### WHAT THE TASK REQUIRES
Leave out every picture and set down, exactly, the lines below from the one holding "- 腕時計 メンズ セット" up to and including the one holding "Mike learns how".

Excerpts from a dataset

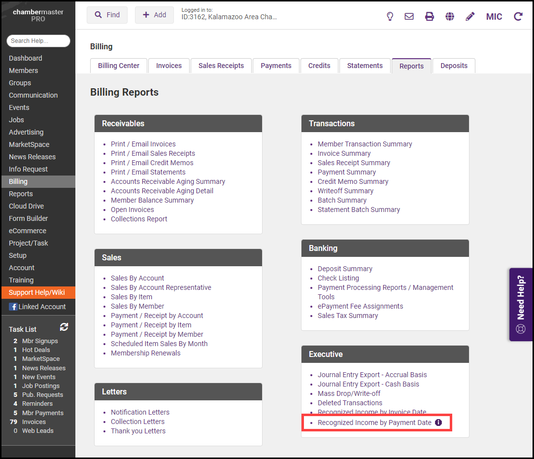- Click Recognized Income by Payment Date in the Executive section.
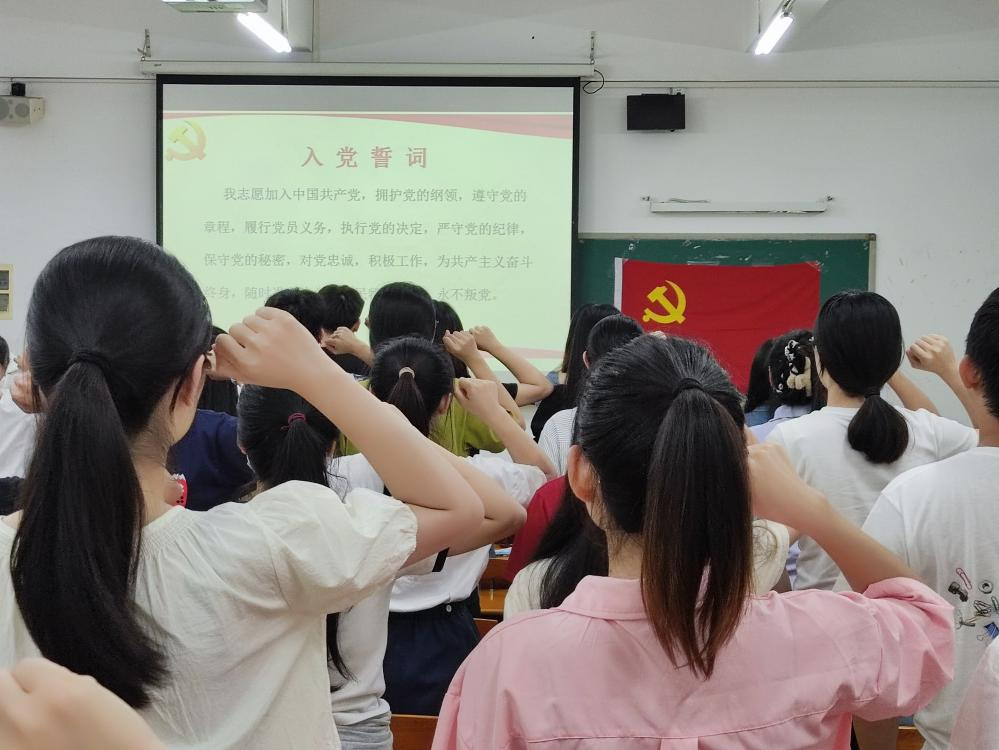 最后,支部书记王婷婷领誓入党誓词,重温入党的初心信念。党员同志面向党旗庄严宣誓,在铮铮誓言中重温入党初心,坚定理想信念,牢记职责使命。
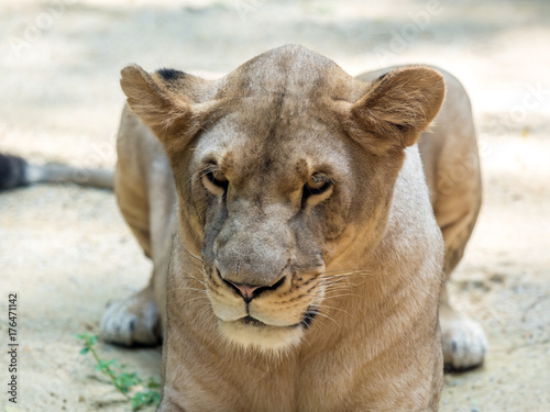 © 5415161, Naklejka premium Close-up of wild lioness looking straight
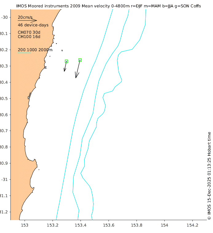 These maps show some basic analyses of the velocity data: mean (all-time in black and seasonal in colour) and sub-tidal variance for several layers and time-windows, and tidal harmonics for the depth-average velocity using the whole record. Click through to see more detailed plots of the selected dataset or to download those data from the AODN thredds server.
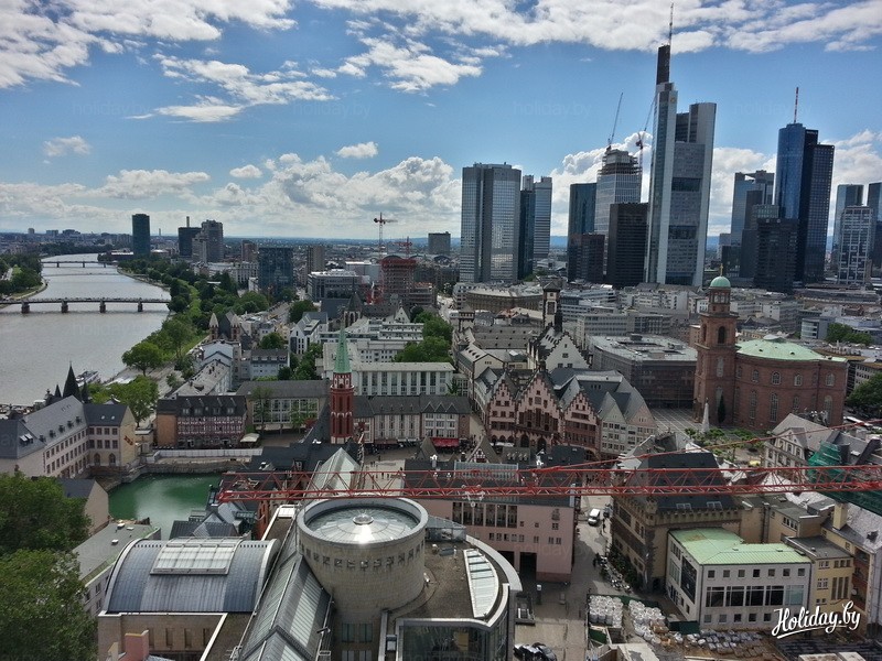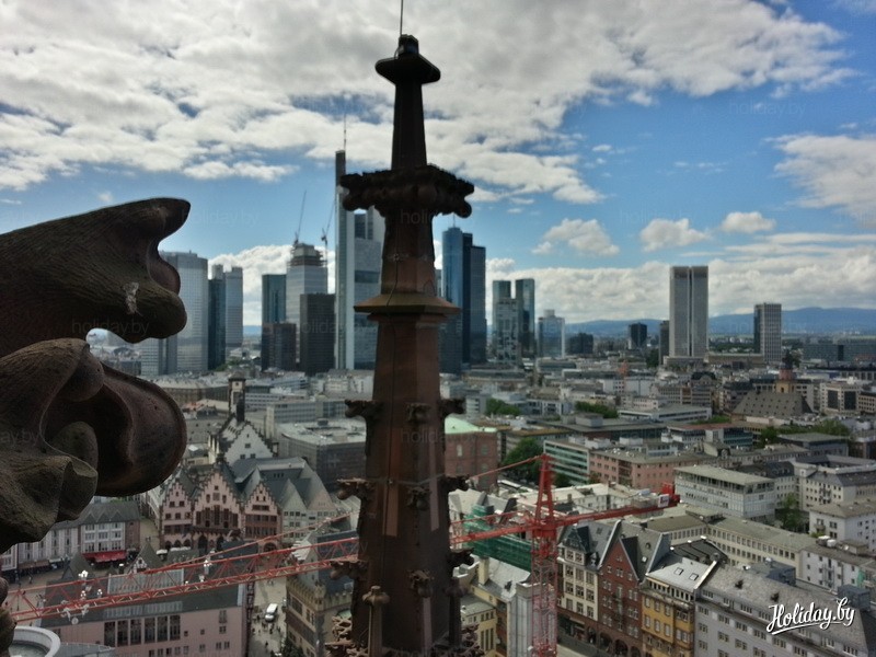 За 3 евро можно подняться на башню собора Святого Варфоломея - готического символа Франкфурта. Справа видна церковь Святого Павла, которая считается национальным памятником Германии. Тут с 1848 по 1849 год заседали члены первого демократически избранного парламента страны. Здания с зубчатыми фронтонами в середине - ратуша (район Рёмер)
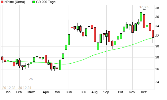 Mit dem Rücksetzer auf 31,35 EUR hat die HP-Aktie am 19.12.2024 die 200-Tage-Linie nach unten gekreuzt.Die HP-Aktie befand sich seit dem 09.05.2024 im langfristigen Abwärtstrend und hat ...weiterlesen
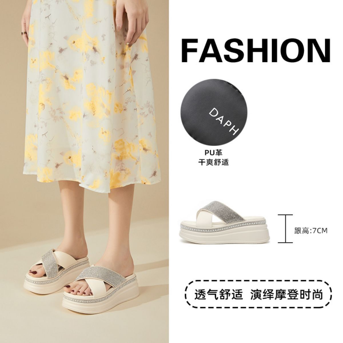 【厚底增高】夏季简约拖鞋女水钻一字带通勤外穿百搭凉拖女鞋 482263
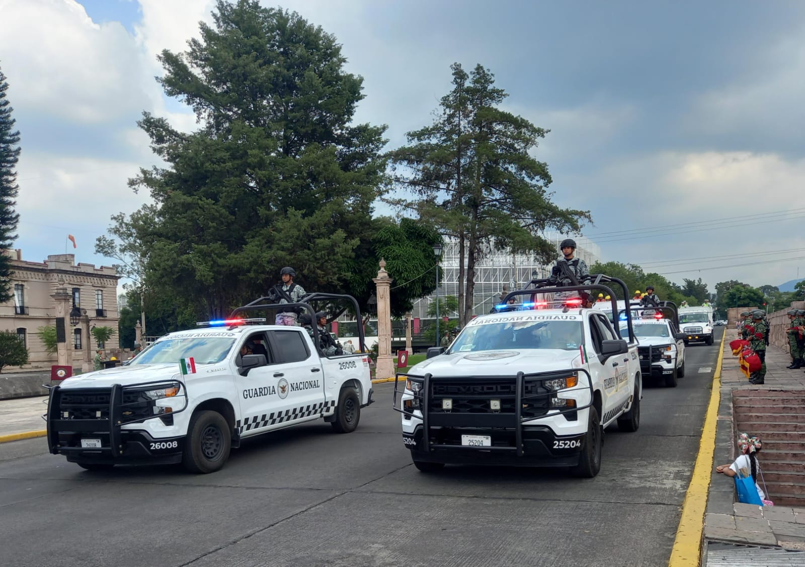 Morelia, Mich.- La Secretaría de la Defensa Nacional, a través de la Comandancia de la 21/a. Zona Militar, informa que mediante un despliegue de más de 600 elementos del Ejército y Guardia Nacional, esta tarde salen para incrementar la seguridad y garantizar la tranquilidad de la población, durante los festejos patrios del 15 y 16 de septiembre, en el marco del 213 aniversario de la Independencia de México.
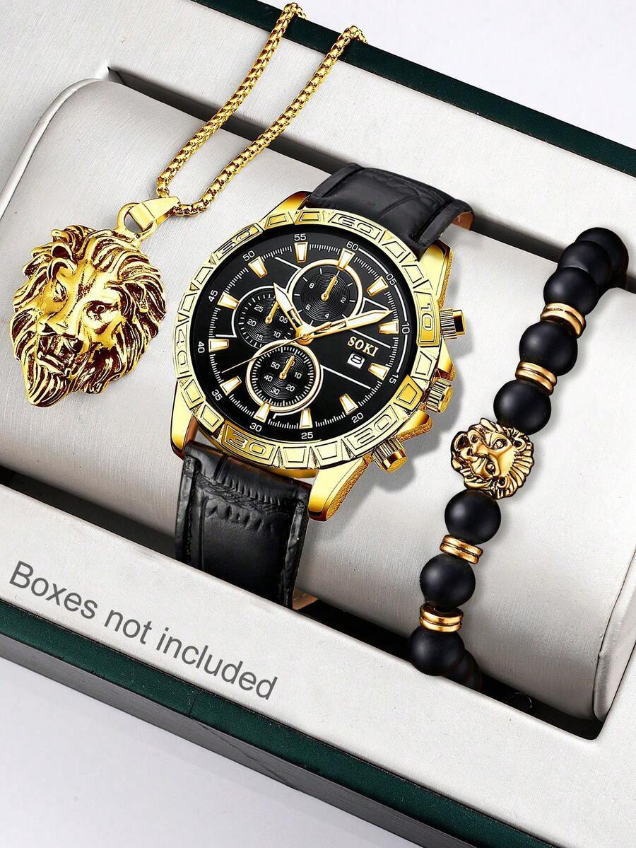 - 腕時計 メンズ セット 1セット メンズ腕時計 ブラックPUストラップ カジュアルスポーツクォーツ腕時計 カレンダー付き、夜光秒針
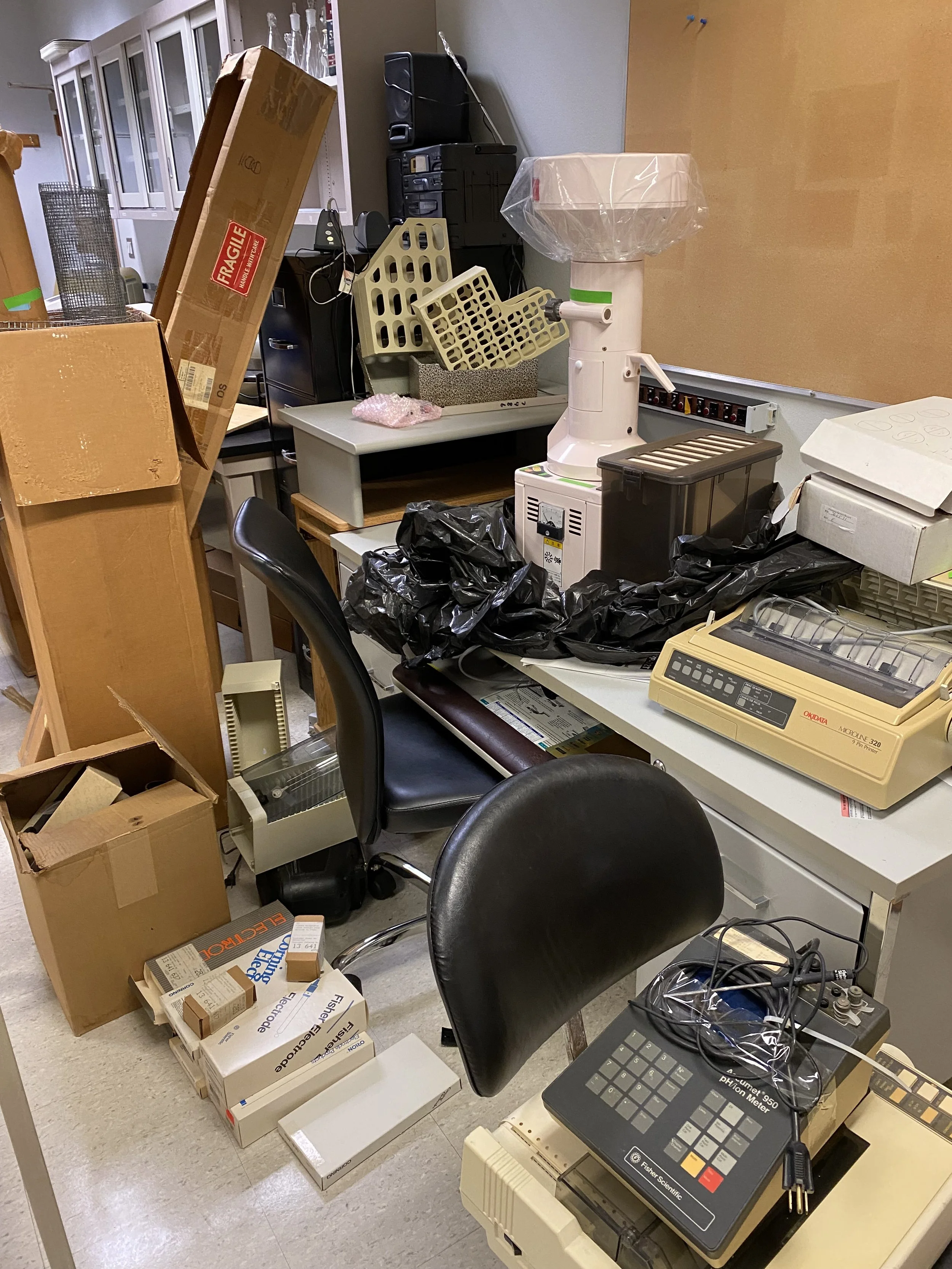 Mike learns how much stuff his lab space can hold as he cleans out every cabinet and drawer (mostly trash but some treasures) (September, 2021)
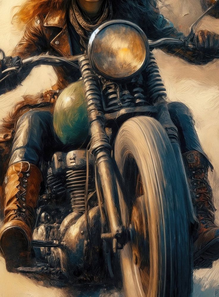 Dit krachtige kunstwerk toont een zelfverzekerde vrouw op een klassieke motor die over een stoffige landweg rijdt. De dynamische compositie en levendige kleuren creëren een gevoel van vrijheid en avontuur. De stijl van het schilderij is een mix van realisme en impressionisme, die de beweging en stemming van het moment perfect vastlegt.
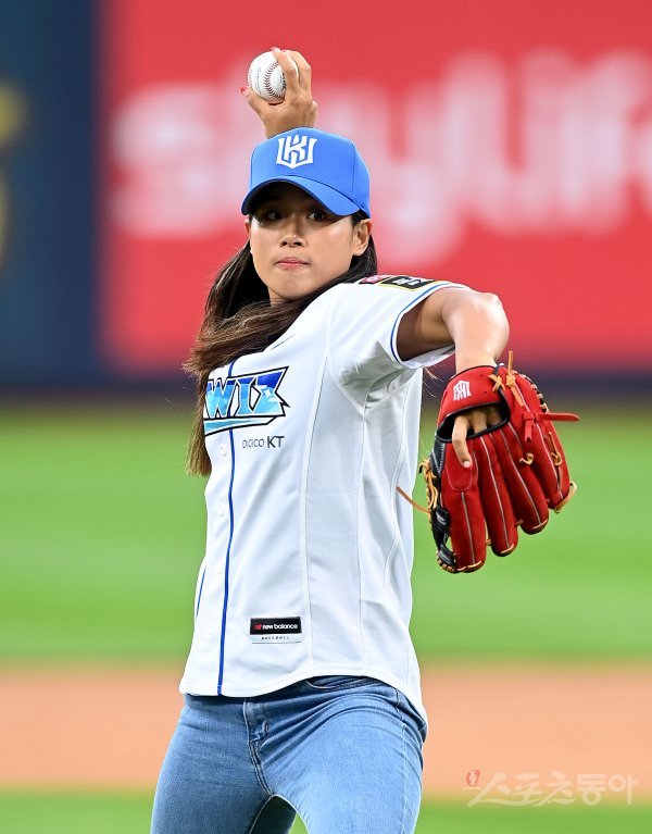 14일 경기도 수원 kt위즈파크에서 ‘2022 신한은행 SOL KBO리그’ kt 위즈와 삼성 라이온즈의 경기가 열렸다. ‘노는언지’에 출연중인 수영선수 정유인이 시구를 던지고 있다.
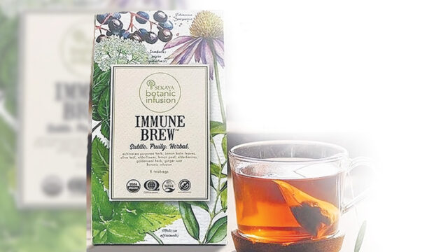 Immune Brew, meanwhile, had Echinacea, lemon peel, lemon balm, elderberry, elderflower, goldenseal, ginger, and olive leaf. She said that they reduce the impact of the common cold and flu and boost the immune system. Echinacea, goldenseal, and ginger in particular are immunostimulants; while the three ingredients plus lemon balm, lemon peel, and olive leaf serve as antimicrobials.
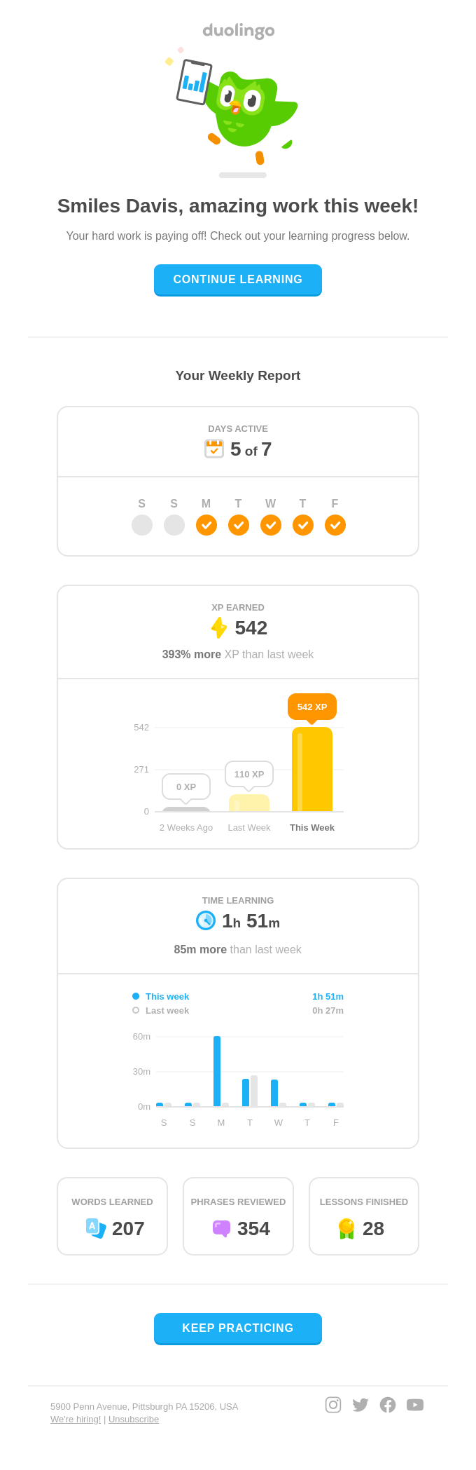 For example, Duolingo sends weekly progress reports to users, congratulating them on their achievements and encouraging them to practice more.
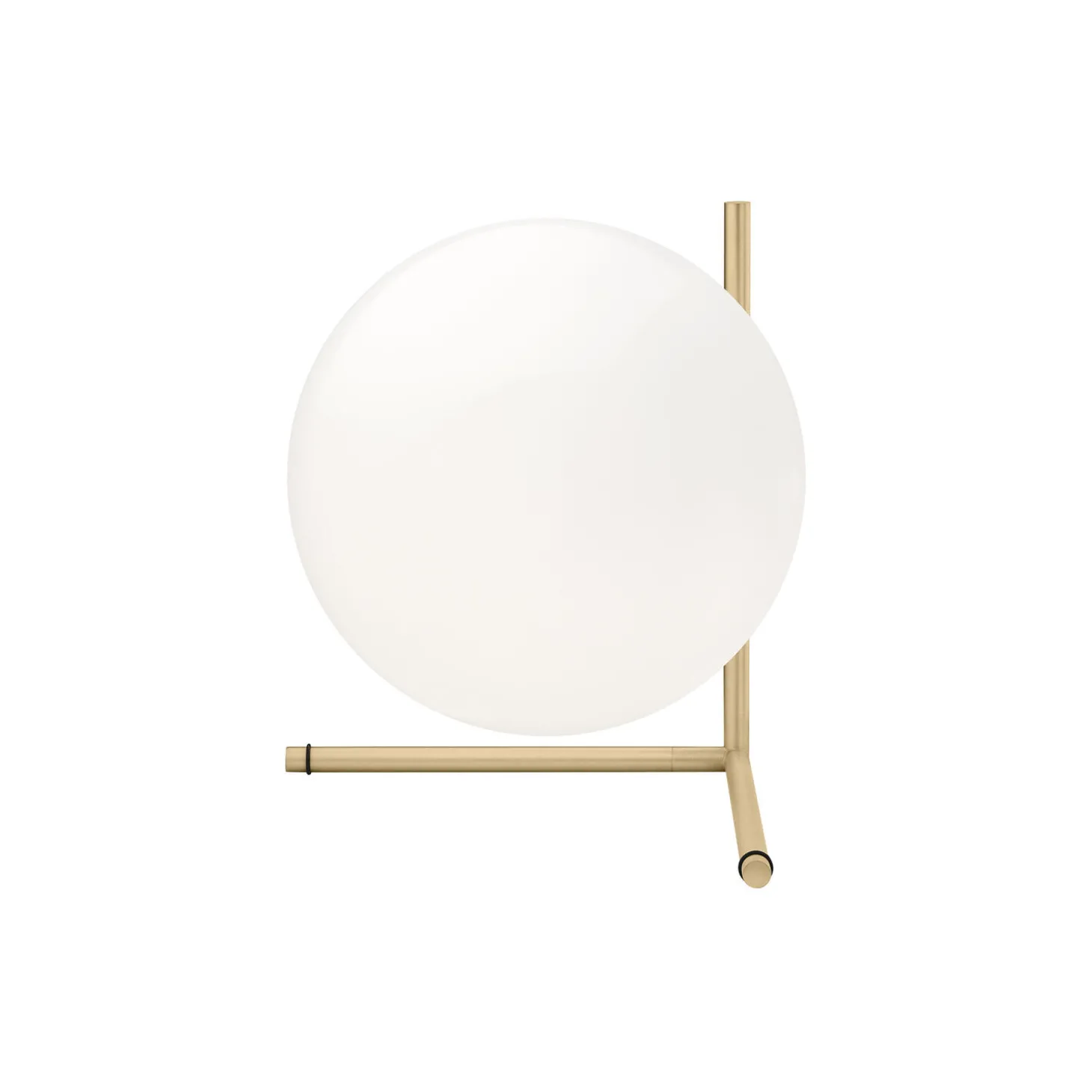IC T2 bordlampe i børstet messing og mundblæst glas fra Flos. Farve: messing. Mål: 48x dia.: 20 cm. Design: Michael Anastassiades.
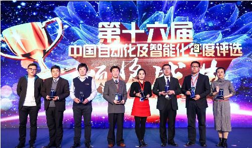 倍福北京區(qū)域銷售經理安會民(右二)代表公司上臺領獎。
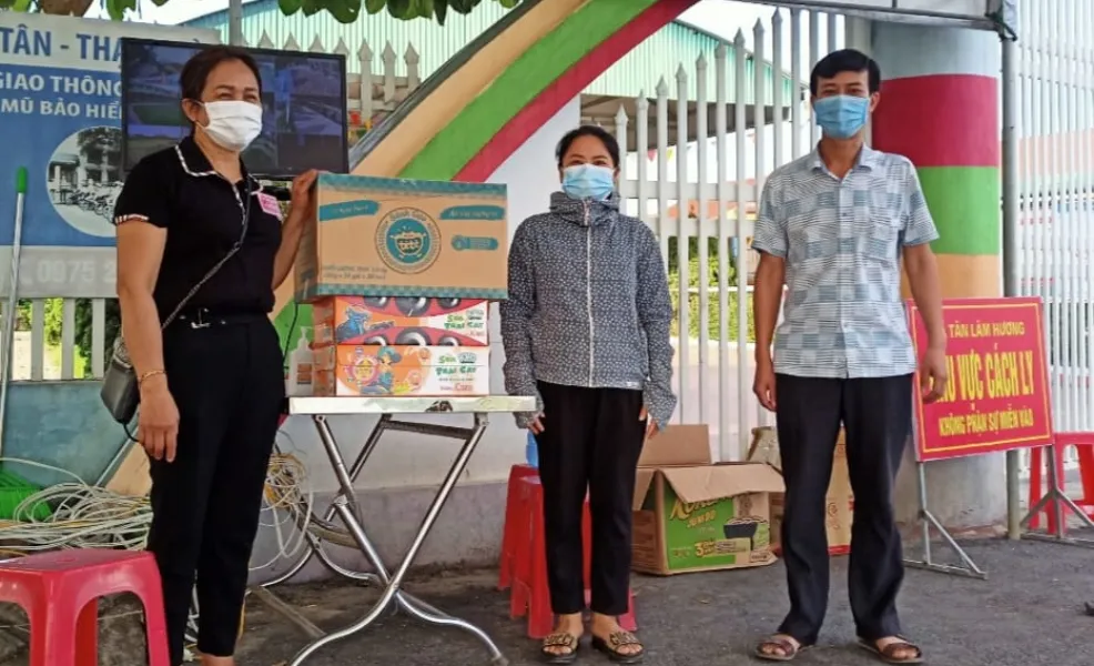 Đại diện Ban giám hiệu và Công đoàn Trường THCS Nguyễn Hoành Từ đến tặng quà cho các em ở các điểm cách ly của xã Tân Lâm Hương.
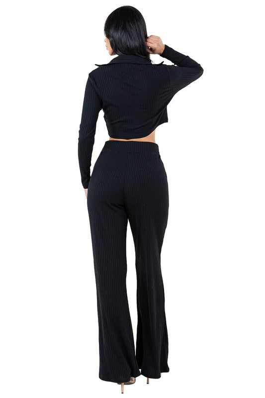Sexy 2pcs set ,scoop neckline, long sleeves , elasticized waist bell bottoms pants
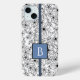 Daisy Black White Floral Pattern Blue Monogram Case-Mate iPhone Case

### THE ANSWER
 - 腕時計 メンズ セット 1セット メンズ腕時計 ブラックPUストラップ カジュアルスポーツクォーツ腕時計 カレンダー付き、夜光秒針
 Mike learns how much stuff his lab space can hold as he cleans out every cabinet and drawer (mostly trash but some treasures) (September, 2021)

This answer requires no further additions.